This repository contains the code of our audio landmark detection based video fingerprinting technique that is simple yet powerful
Package Requirements:
numpy
openCV
docopt
scipy
joblib
psutil
audfprint
-> Download the UCF-101 database from www.crcv.ucf.edu/data/UCF101.php
-> Keep only the videos listed in vids_greater_15s.txt
-> These will be used to create the database
-> To create queries that have the first "N" frames use create_queries.py
-> python3 create_queries.py <Path_to_UCF_Dataset>
Use video2audio.py to convert video files to pseudo-audio wav files
Usage: python3 video2audio_<distortion>
.py [Path to Frames] [Output Wav Folder] [Distortion_Value]
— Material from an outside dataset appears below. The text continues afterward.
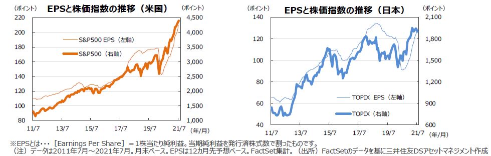 S&P500種指数の7月の1株当たり予想利益(EPS)は209.6で、前年同月比+38.8%(前月同+39.1%)と6カ月連続のプラスとなりました。予想EPSの水準は5カ月連続で過去最高を更新しました。一方、TOPIXの予想EPSは127.1で、伸び率は同+39.9%(前月同+36.8%)と大きく上昇しました。米国株式市場は、変異ウイルスの感染拡大が懸念されつつも、好調な企業業績と長期金利の低下基調が支えとなりました。米国株式市場はグロース株を中心に最高値を更新する展開となり、主要3指標は7月26日にそろって史上最高値を更新しました。月間ではS&P500種指数が前月比+2.3%、NYダウが同+1.3%、ナスダック総合指数が同+1.2%でした。一方、日本株式市場は、過去最大の感染者数の増加から景気回復への懸念が再度広がったこと、下旬から始まった4-6月の業績発表は総じて好調なものの、株価がそれを素直に反応しない、といったことなどから軟調な展開となりました。日経平均株価は前月比▲5.2%、TOPIXは同▲2.2%でした。

--input_pth Path to Video Frames
--output_pth Output folder where Wavs are created
Create Wavs from Undistorted frames:
-> python3 video2audio.py <Path To DB/Query Frames> <Output Wav Folder>
-> This resizes all the frames to 128x128. This can be easily changed to any other scale required.
If Disortions need to be added, follow the steps below:
Resizing:
-> python3 video2audio_resize.py <Path To Query Frames> <Output Wav Folder> <widthxheight>
Drop:
-> Create a copy of the Query Folder
-> Use drop_frames_randomly.py to create queries with "n" frames dropped randomly per second on the copied version of the query folder
-> python3 drop_frames_randomly.py <Path_To_Query_Frames_Copy> <Frames_Dropped_Per_Second>
-> python3 video2audio.py <Path_To_Query_Frames_Copy> <Output Wav Folder>
Rotation:
-> python3 video2audio_rotation.py <Path To Query Frames> <Output Wav Folder> <90,180>
Flip:
-> python3 video2audio_flip.py <Path To Query Frames> <Output Wav Folder> <hor,ver>
Watermark:
-> python3 video2audio_watermark.py <Path To Query Frames> <Output Wav Folder> <TL,TR,BL,BR> <watermark_image>
Compression:
-> First run x265 compression on the query frames. QPs used for compression [10,20,30,40,50]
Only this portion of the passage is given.